Search code examples
pythoncombinations

Pairing with itertools combinations - long code execution on large volume of data


I am working on a task to get all possible combinations (pairs) of ID's (companies) which paritipated in one bid and create a new data frame with ID_1, ID_2, matching parameter (tender ID).

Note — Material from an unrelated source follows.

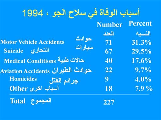 سلط الضوء في هذا الرسم على المخاطر المتصلة بالطيران والتي تصور الوفيات في سلاح الجو الأميركي. في هذا الفرع من الجيش الامريكي ، الرحلة الجوية هي الوسيلة الأساسية للعملية. رغم ذلك الوفيات الناجمة عن حوادث الطيران ، ليست على رأس قائمة أسباب الوفاة. انها لاتمثل سوى 10 ٪ من جميع الوفيات التي لوحظت في سلاح الجو. وعموما ، فإن المخاطر الناجمة عن السفر جوا ينظر إليها على انها أعلى مما هي عليه في الواقع. Sourcesالمصدر : US Air Forceالقوه الجويه الامريكيه AL/AOP Powell KE, Fingerhut LA, Branche CM, Perrotta DM. Deaths due to Injury in the Militaryالوفيات الناجمة عن الإصابات في الجيش. American Journal of Preventive Medicineالمجلة الأمريكية للطب الوقائي 2000; 18(3S):26-32. |

I have prepared the following two functions which provide me with the required result however the execution time exceeds several hours when applying to df with more than 500k lines.

import pandas as pd
from itertools import combinations
def get_pairs(dataframe, items):
   return (
       (c1, c2, item)
       for item in items
       for c1, c2 in combinations(dataframe[dataframe['tender_product'] == item]['ID_name'], 2)
   )
def get_all_pairs(df):
        pairs = get_pairs(df,df['tender_product'])
        df= pd.DataFrame(pairs, columns=['ID_name1', 'ID_name2','tender_product'])
        df=df.query('ID_name1 != ID_name2')
        df=df.drop_duplicates()
        df['pair'] = df['ID_name1'].astype(str)+'_'+df['ID_name2'].astype(str)
        df['reversed_pair'] =df['ID_name1'].astype(str)+'_'+df['ID_name2'].astype(str)
        return df

What are the options to optimize the code to make it work faster with the same result?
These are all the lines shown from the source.